BEGIN

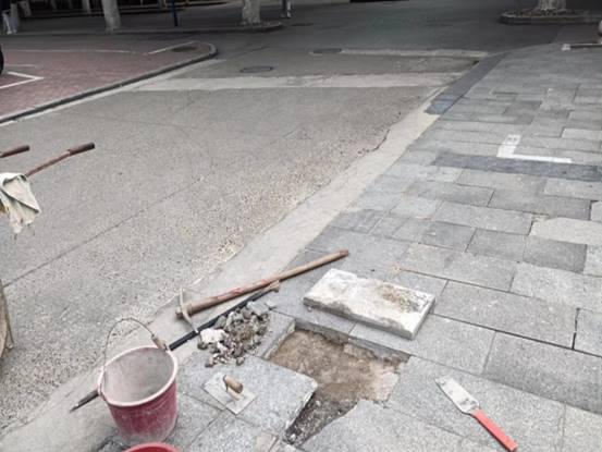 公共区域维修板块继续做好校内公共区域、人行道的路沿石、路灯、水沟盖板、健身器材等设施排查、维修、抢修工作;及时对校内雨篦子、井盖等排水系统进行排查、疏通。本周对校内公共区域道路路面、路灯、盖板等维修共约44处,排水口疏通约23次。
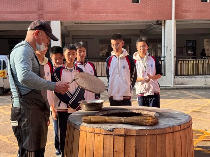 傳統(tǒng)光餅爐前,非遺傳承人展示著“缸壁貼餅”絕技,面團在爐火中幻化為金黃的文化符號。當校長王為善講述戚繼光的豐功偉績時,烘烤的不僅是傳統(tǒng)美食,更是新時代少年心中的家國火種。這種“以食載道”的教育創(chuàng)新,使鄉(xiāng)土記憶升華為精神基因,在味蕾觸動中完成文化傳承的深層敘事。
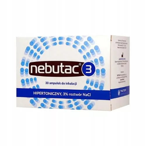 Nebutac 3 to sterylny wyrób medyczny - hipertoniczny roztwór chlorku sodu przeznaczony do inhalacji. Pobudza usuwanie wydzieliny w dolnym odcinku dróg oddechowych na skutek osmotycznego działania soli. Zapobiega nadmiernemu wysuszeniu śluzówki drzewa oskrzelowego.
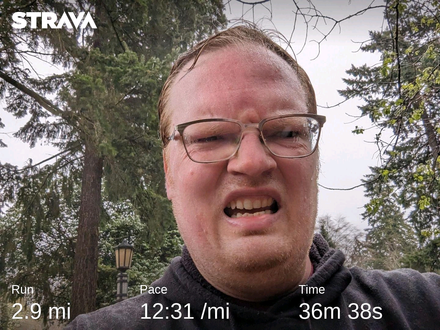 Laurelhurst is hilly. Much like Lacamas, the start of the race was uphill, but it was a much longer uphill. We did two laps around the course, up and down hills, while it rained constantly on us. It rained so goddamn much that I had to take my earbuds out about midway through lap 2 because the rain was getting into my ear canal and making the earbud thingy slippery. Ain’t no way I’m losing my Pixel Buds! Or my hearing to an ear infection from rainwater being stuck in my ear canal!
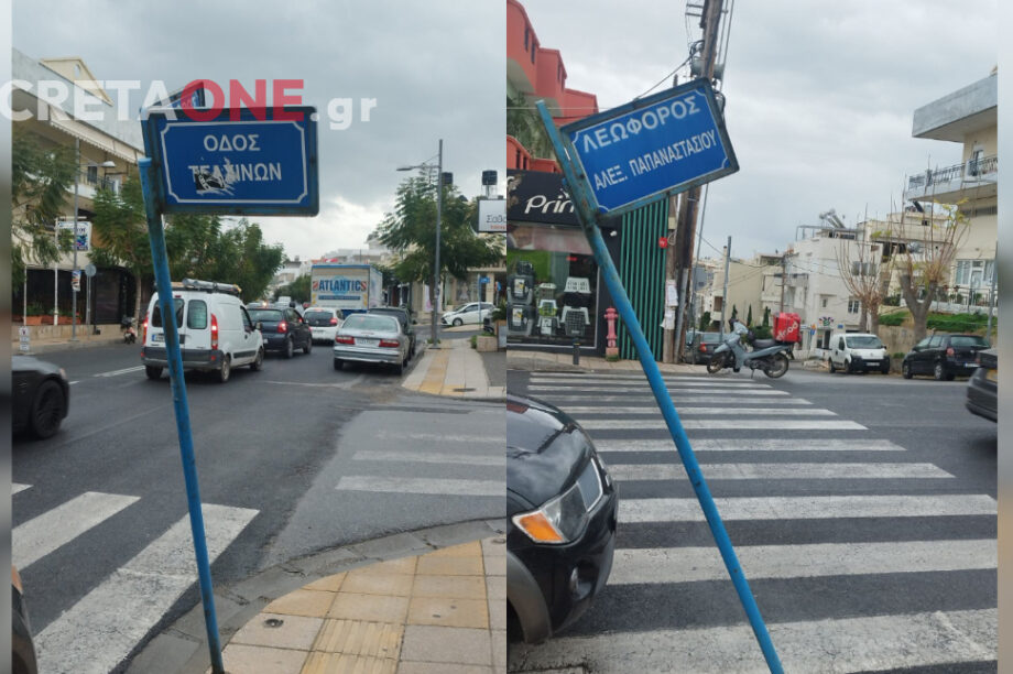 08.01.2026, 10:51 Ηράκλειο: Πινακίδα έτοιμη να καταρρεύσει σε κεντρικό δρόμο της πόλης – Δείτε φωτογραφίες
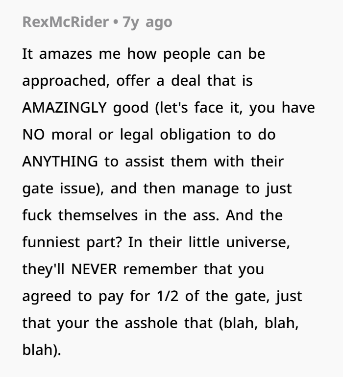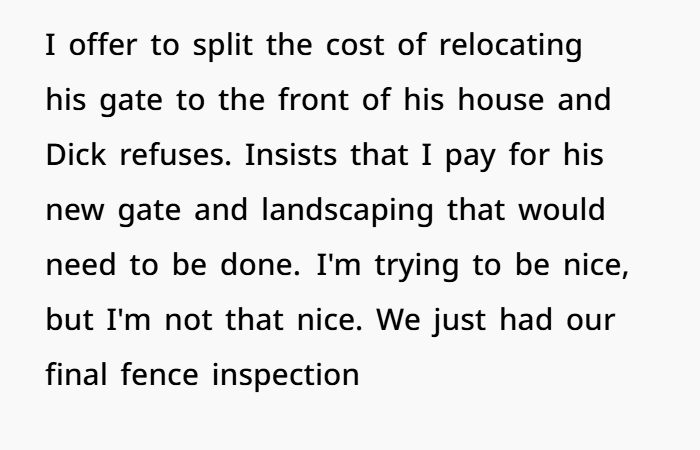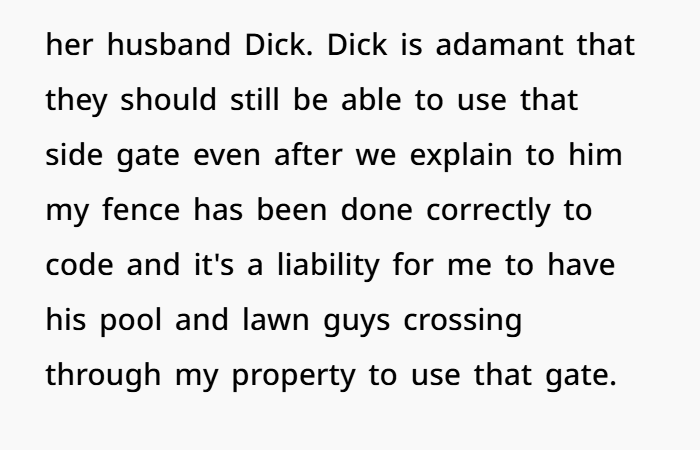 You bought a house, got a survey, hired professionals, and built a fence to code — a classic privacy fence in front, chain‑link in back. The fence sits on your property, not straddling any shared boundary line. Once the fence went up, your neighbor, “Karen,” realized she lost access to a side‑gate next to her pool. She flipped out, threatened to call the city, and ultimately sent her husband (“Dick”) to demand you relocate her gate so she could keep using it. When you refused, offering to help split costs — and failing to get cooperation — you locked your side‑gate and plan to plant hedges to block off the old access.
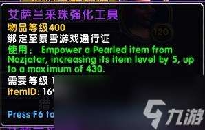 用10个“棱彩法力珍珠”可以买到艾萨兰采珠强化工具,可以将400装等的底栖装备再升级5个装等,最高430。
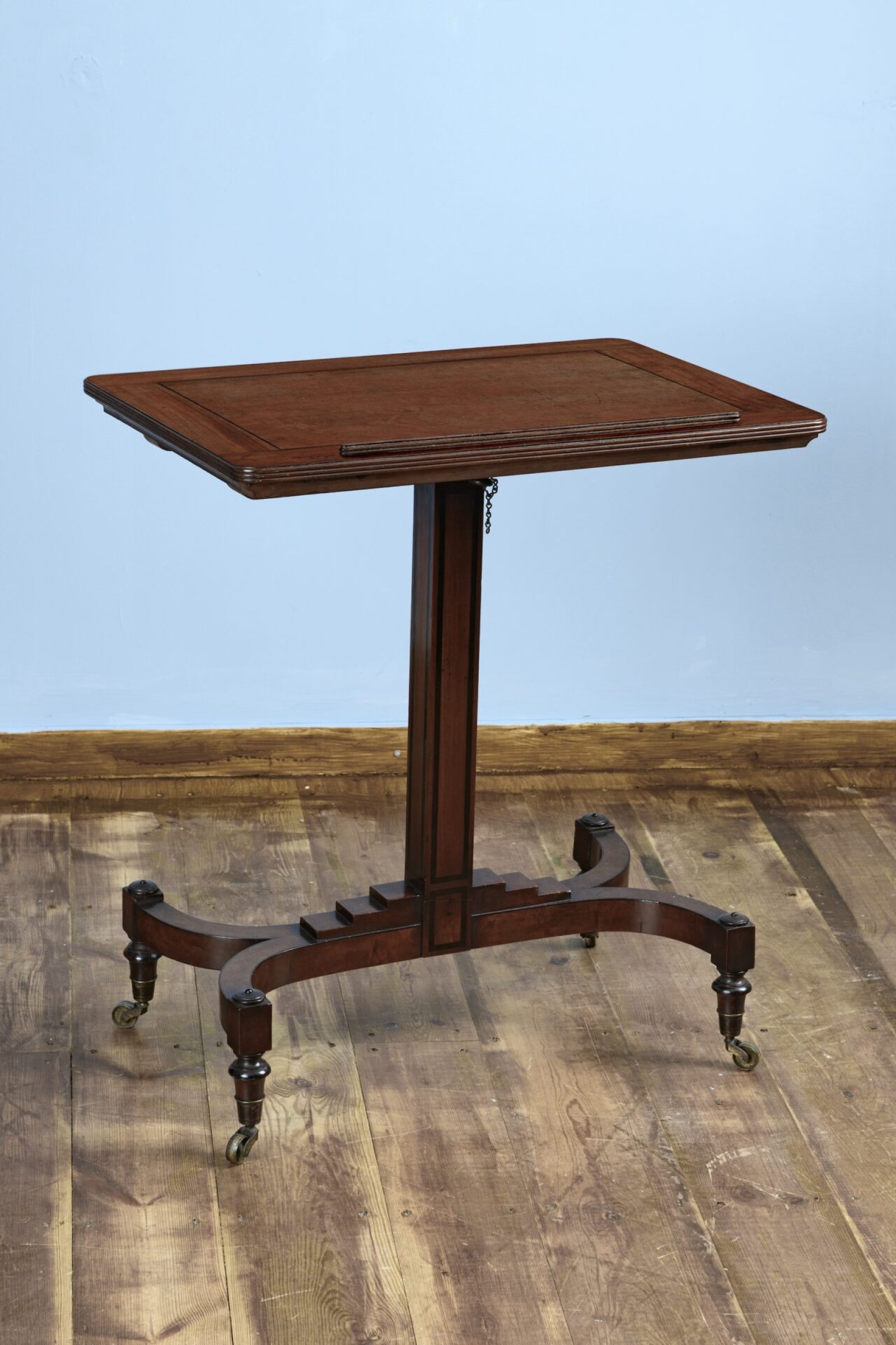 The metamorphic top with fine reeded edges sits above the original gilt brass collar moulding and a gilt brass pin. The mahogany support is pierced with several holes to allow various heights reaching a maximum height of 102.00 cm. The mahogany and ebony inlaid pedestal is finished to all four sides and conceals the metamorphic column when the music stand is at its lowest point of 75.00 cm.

END
BEGIN

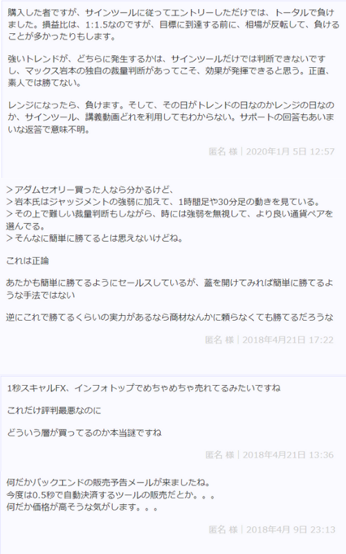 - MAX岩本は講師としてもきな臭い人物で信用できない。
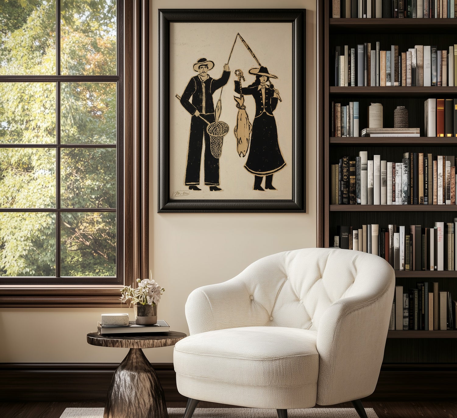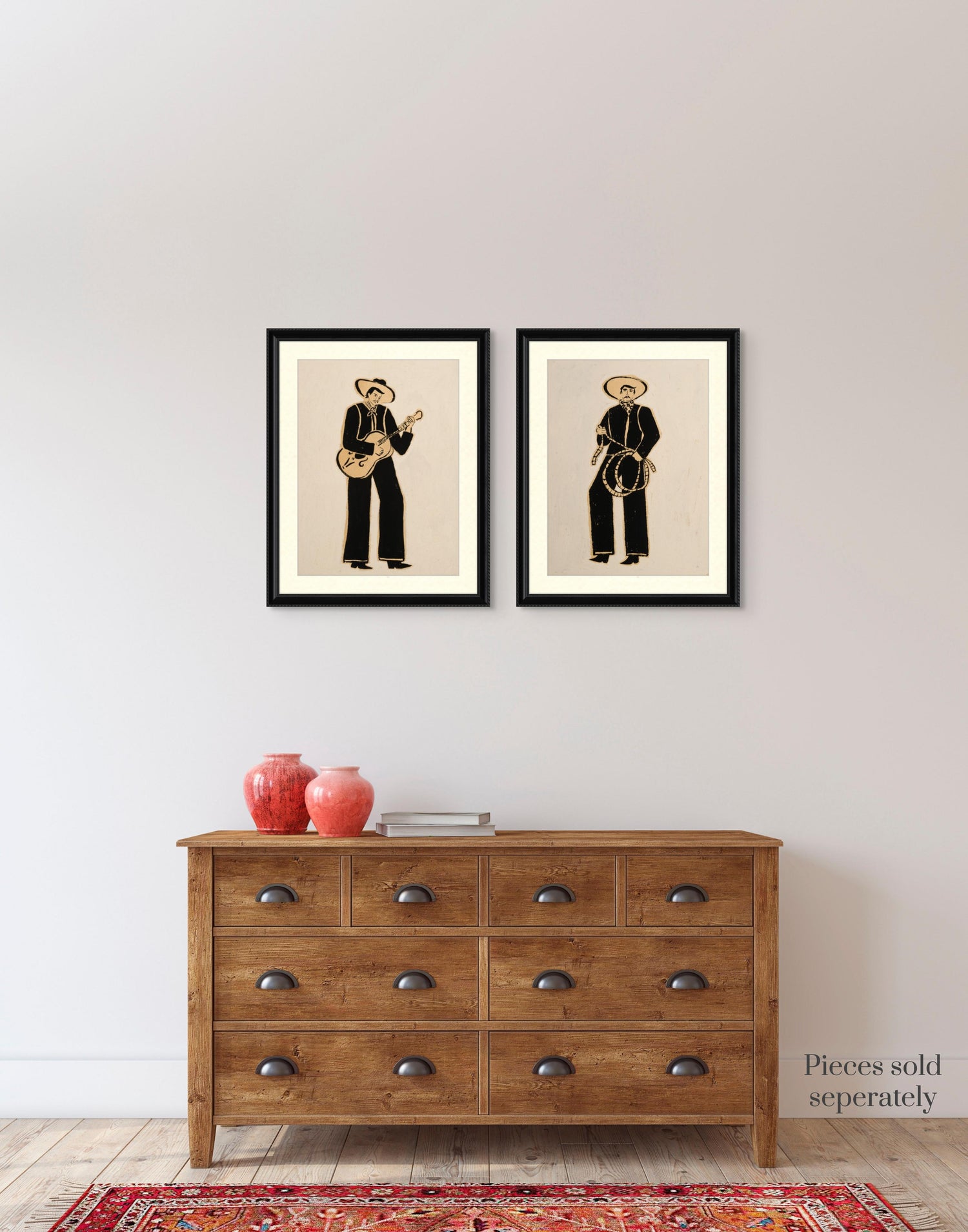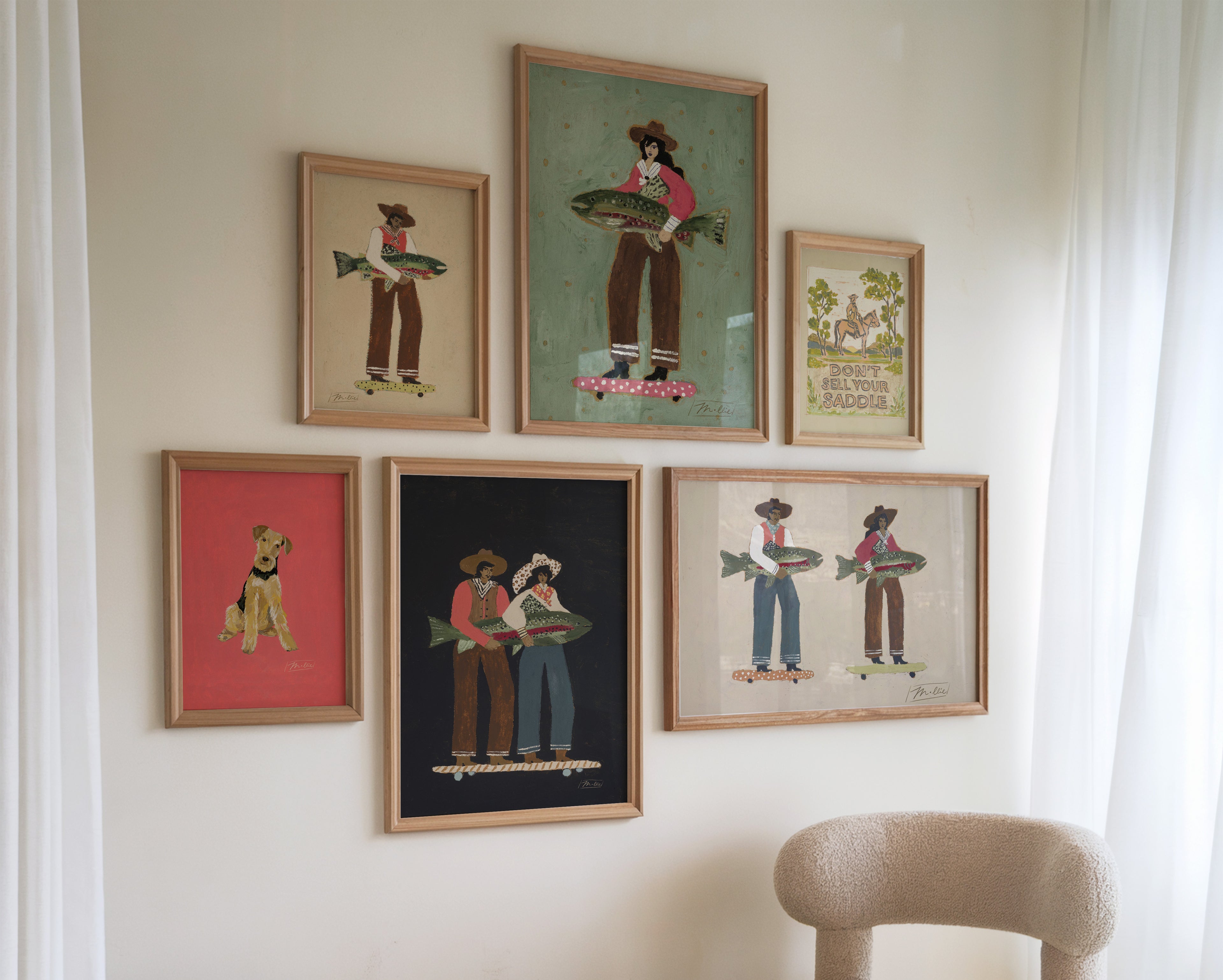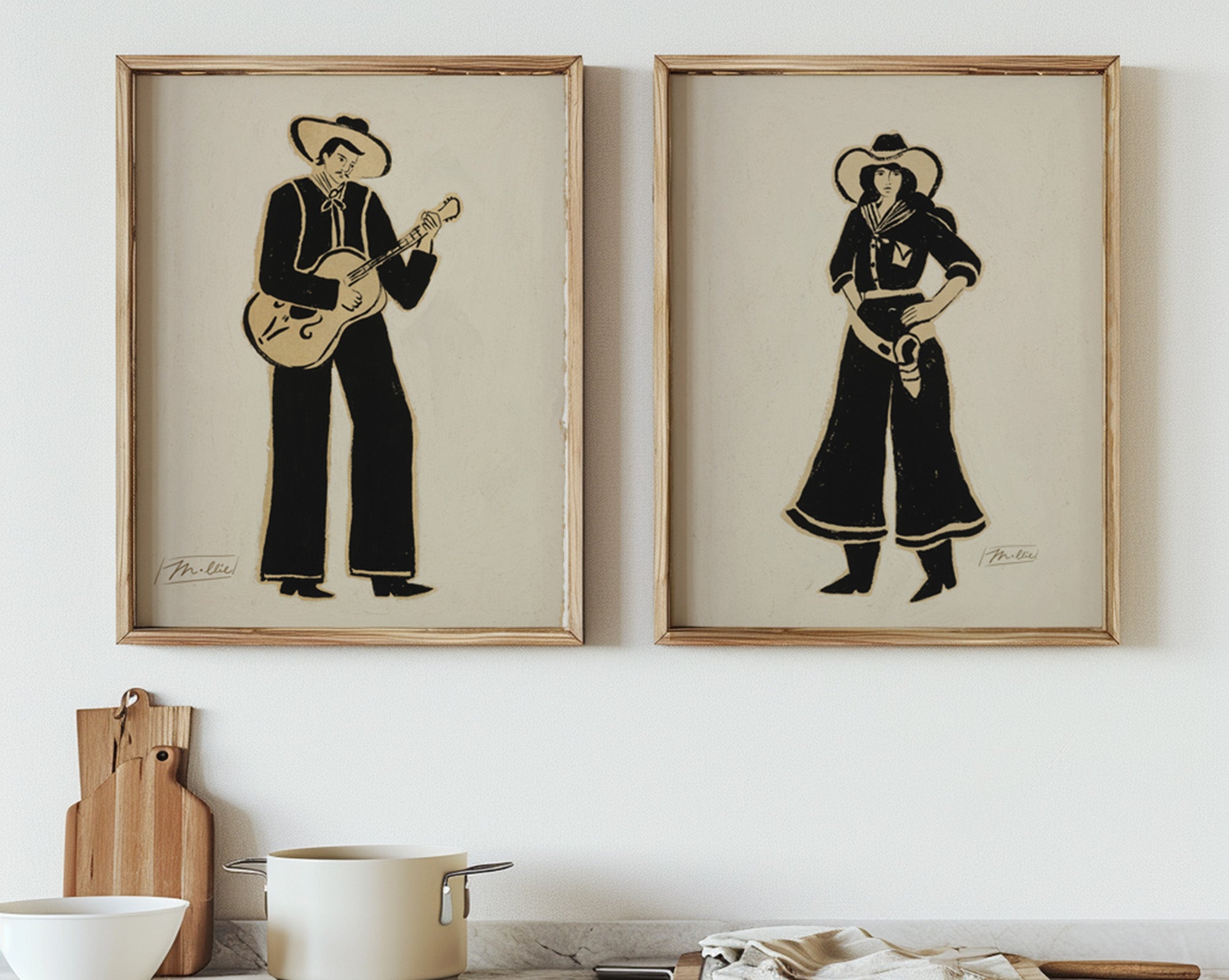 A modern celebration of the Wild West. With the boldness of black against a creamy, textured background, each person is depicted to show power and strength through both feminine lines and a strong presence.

END

## Prompt
Copy back exactly the lines above from the one containing "Laurelhurst is hilly." through the one containing "08.01.2026, 10:51 Ηράκλειο: Πινακίδα", and leave every picture behind.

## Answer for this exercise
 Laurelhurst is hilly. Much like Lacamas, the start of the race was uphill, but it was a much longer uphill. We did two laps around the course, up and down hills, while it rained constantly on us. It rained so goddamn much that I had to take my earbuds out about midway through lap 2 because the rain was getting into my ear canal and making the earbud thingy slippery. Ain’t no way I’m losing my Pixel Buds! Or my hearing to an ear infection from rainwater being stuck in my ear canal!
 08.01.2026, 10:51 Ηράκλειο: Πινακίδα έτοιμη να καταρρεύσει σε κεντρικό δρόμο της πόλης – Δείτε φωτογραφίες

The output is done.